Thursday, February 26, 2015

Rebecca Loudon mentioned in a recent post that she had learned a new word.  She and I were born in the same month of the same year, scant days apart, and I sometimes feel like our lives rhyme.  But I digress...  Just before reading Rebecca's post I had, myself, learned a new word: "chirality."  It's the title of the first poem in Rae Armantrout's latest collection, Itself.

Here's the Wikipedia definition of chirality:

Chirality /kˈrælɪt/ is a property of asymmetry important in several branches of science. The word chirality is derived from the Greekχειρ(kheir), "hand", a familiar chiral object.
An object or a system is chiral if it is distinguishable from its mirror image; that is, it cannot be superposed onto it. Conversely, a mirror image of an achiral object, such as a sphere, cannot be distinguished from the object. A chiral object and its mirror image are calledenantiomorphs (Greek opposite forms) or, when referring to molecules, enantiomers. A non-chiral object is called achiral (sometimes alsoamphichiral) and can be superposed on its mirror image.
The term was first used by Lord Kelvin in 1893 in the second Robert Boyle Lecture at the Oxford University Junior Scientific Club which was published in 1894:
I call any geometrical figure, or group of points, 'chiral', and say that it has chirality if its image in a plane mirror, ideally realized, cannot be brought to coincide with itself.[1]
Human hands are perhaps the most universally recognized example of chirality: The left hand is a non-superimposable mirror image of the right hand; no matter how the two hands are oriented, it is impossible for all the major features of both hands to coincide.[2] This difference in symmetry becomes obvious if someone attempts to shake the right hand of a person using his left hand, or if a left-handed glove is placed on a right hand.

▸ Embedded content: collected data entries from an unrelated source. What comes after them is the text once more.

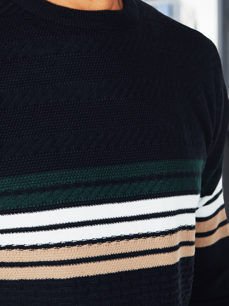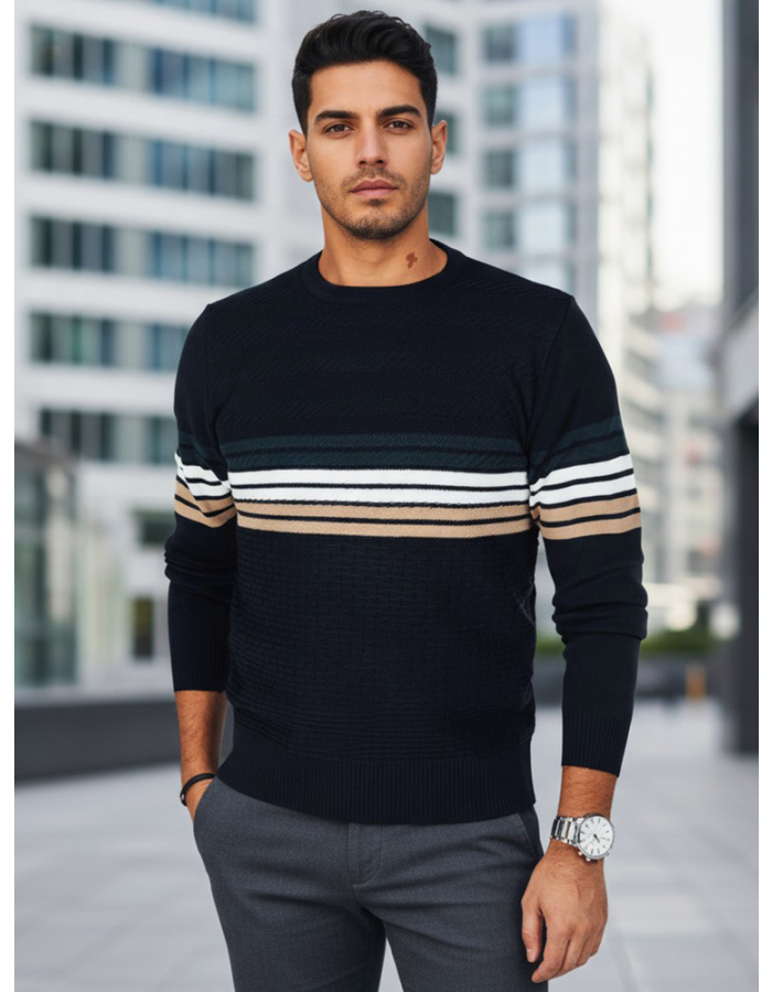 Stylowy męski sweter z poziomymi pasami to połączenie klasyki i nowoczesności. Wykonany z miękkiej dzianiny o wysokiej zawartości wełny, gwarantuje komfort cieplny i wygodę noszenia. Subtelna faktura materiału oraz kontrastowe paski na piersi nadają mu wyrazisty, miejski charakter.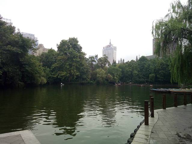 公园一角,喝茶的时候有不少人在湖里划船,价格不贵~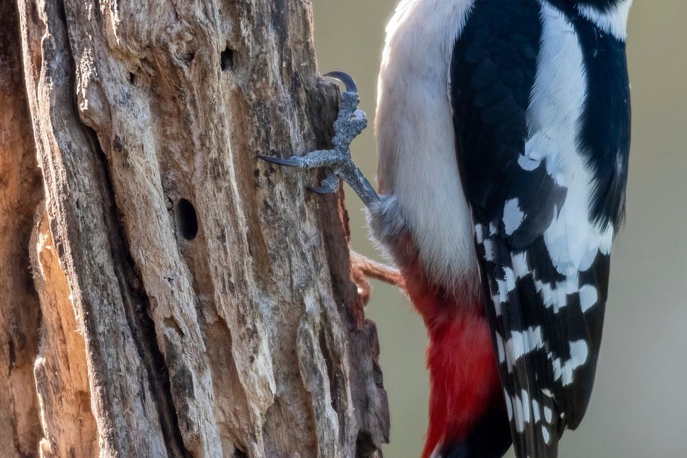 The great spotted woodpecker is the best known and also most common species in the Netherlands. Mainly in forest areas, of course, but you can also come across them in urban areas. With its distinctive sound and of course hammering with its bill on the trees, you can hear it from a great distance.

In mathematics chirality is the property of a figure that is not identical to its mirror image.

Interestingly enough, while I did not know this word, the concept of "nonsuperimposable mirror images" is something that figures importantly in Appearances, that beast of a book I've been working on for the last few years.




Wednesday, February 25, 2015

I recently found this entry in a notebook:

"__Appearances: A
    Novel In
  ?365? Fragments__

Begun 8/7/11"


Today I wrote fragments 363-365.

So...the first draft is complete.  I'm happy to have achieved this milestone but am not happy with the manuscript as it stands.  I need to find fresh eyes and begin to  carve the thing into its final form.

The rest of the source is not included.